The production of raw materials for energy generation – coal, oil, and gas offers considerable scope for the use of decanter centrifuges, at least for coal and oil. The manufacture of gas is a little-used process now that natural gas is so freely available. When this phase passes, as gas availability reduces, then the gasification of coals and heavy oils will also offer good applications (as will the eventual need to convert coals into liquid fuels).
Decanter Centrifuges In Coal processing
In coal processing, the mined coal must be washed free of impurities. The run-of-mine coal contains the clay and rock that are within the coal seam, as well as roof and floor material. Coal itself is a relatively low-density material, compared with the impurities, and can be separated by sedimentation in a liquid of appropriate density.
An increasing proportion of the coal that is mined is crushed to a quite small particle size, partly to enable the removal of as much sulfur as possible. For such small sizes, the decanter centrifuge provides an excellent means of separation, also enabling the settlement fluid to be recycled.
Whatever the size of coal being processed, there will always be a need to separate residual coal from the washings, for which the decanter centrifuge is a standard separating device (as well as for the final dewatering of waste liquids the coal tailings). Fine coal may also be separated by means of froth flotation, and the dewatering of flotation concentrates is another good application for decanter centrifuges.

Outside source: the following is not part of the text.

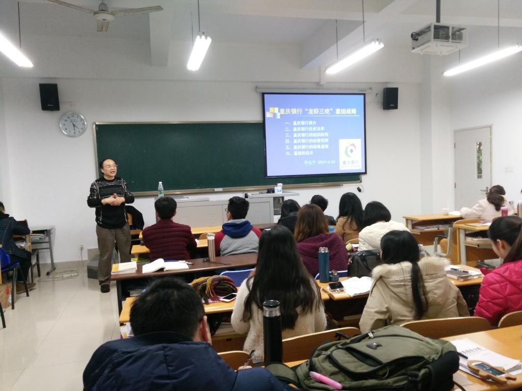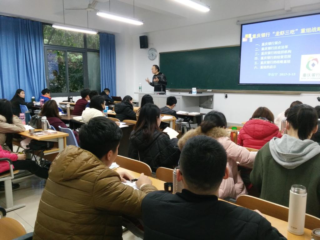 李在宁主任从资本运营管理视角,分析重庆银行重组战略。李主任首先讲到我国银行业发展改革的大背景:一是银行不良资产规模过大,资不抵债;二是资本金严重不足,运营风险增大;三是依靠存贷利差运营难度加大;四是银行管理制度不够健全。因此,我国银行业应从资本角度进行改革,当然,国有银行、民营银行以及混合型银行的改革路径有所不同。李主任以重庆银行战略重组为例,从重庆银行简介,到重组战略的选择、实施与保障,以及战略重组的成果,给同学们专业细致地讲解了资本管理的重要性。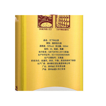 天下和合 酱香型白酒53%vol 500ml *6瓶 整箱装 含礼盒 (金)

Decanter Centrifuges In Drilling Mud Processing
In the production of petroleum or natural gas from underground sources, the initial well holes must be drilled, often into very deep strata. The search for new oil resources also requires the drilling of many trial holes, more often dry than successful.

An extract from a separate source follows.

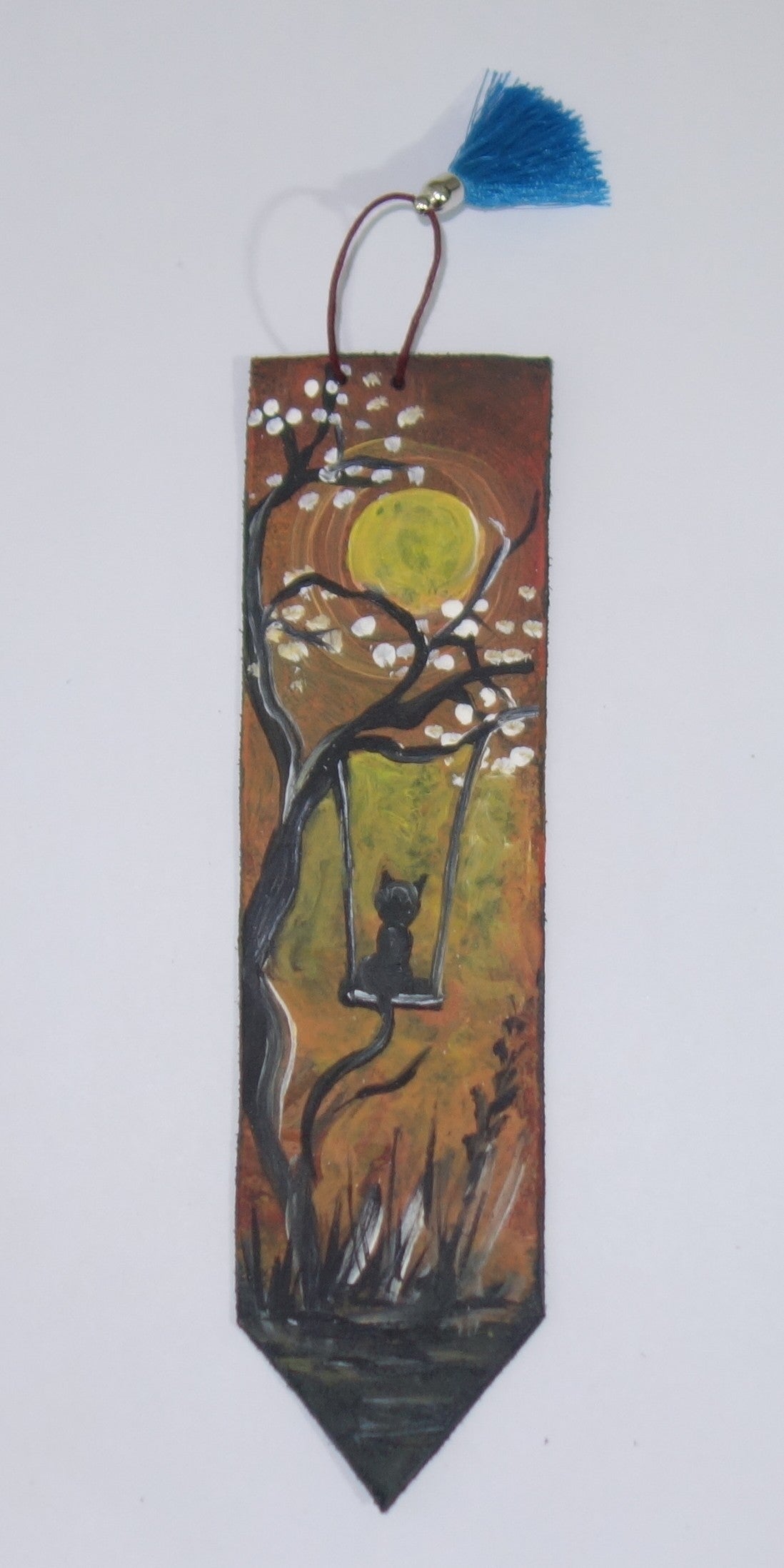 Semn de carte din piele naturala, de 19 x 5 cm, pictat manual. Unicat.

For such drilling, the drill head must be cooled and lubricated, and so a lubricating fluid (the “drilling mud”) is pumped down to the drill bit. Not only does the drilling mud cool and lubricate the bit, but it also carries the rock cuttings back to the surface, it prevents water leaking into the well from water-bearing rock, and it prevents the collapse of the hole behind the drill.
These duties require that the drilling mud be a complex liquid, basically a suspension of clay (bentonite) in water, but dosed with a range of special chemicals that allow it to cope with the range of rock compositions to be encountered, and to have the right density.

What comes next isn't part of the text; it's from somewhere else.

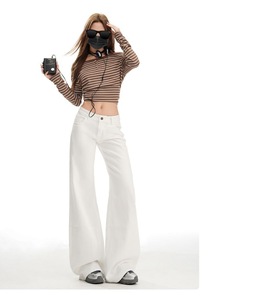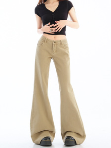 卡其色微喇牛仔裤女款小个子不贴腿牛仔微喇裤女低腰喇叭裤子女款

The preparation of a drilling mud is a size classification task, for which the decanter is very well suited. The used liquid is often too expensive to discard, so needs treatment for the removal of rock fragments for which duty, again, the decanter centrifuge is a very good choice.
For either of these duties, the decanter centrifuge will need to have full erosion protection by but can run at moderate or low speeds. It will also need an explosion proof motor (and back-drive equipment if this is used).